• RECORDED DATA:
---

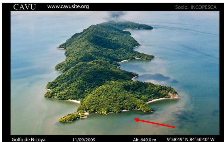
Foto 1: Isla Caballo en donde la flecha marca el sitio donde se creará el AMPR de esa comunidad.
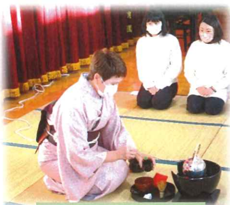
植田先生のお点前拝見
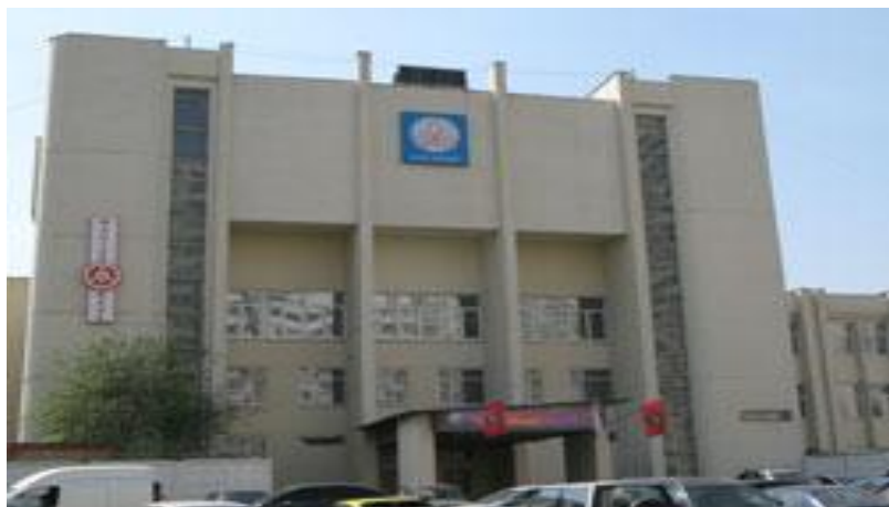
НПО «Взлет», ул. Производственная 6
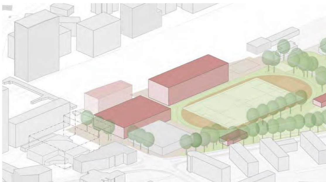
Abbildung aus der Realisierbarkeitsstudie des Bewerbungsdossiers der Gemeinde Risch für den Mittelschulstandort Rotkreuz.
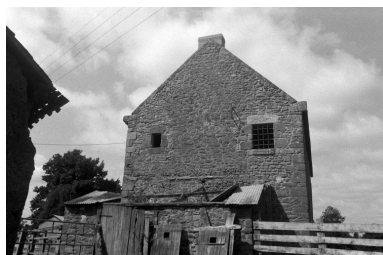
Pignon est IVR53_19753501062Z
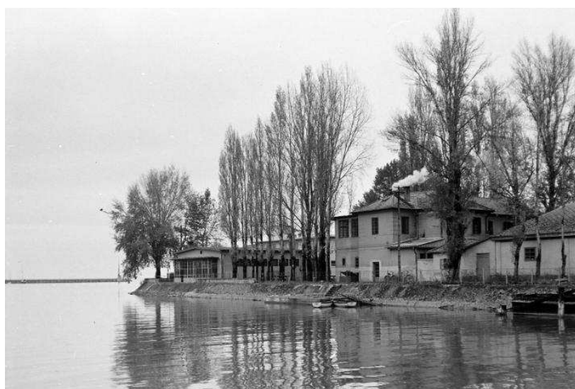
Régi yacht klub
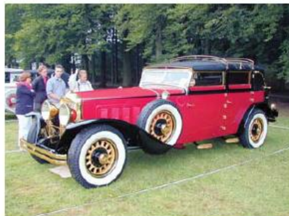
Minerva AL 40 CV Van den Plas 1929 года

---

• INSTRUCTIONS TO FOLLOW:
The records above are to be retyped exactly, with every picture left out.

• EXERCISE SOLUTION:
Foto 1: Isla Caballo en donde la flecha marca el sitio donde se creará el AMPR de esa comunidad.
植田先生のお点前拝見
НПО «Взлет», ул. Производственная 6
Abbildung aus der Realisierbarkeitsstudie des Bewerbungsdossiers der Gemeinde Risch für den Mittelschulstandort Rotkreuz.
Pignon est IVR53_19753501062Z
Régi yacht klub
Minerva AL 40 CV Van den Plas 1929 года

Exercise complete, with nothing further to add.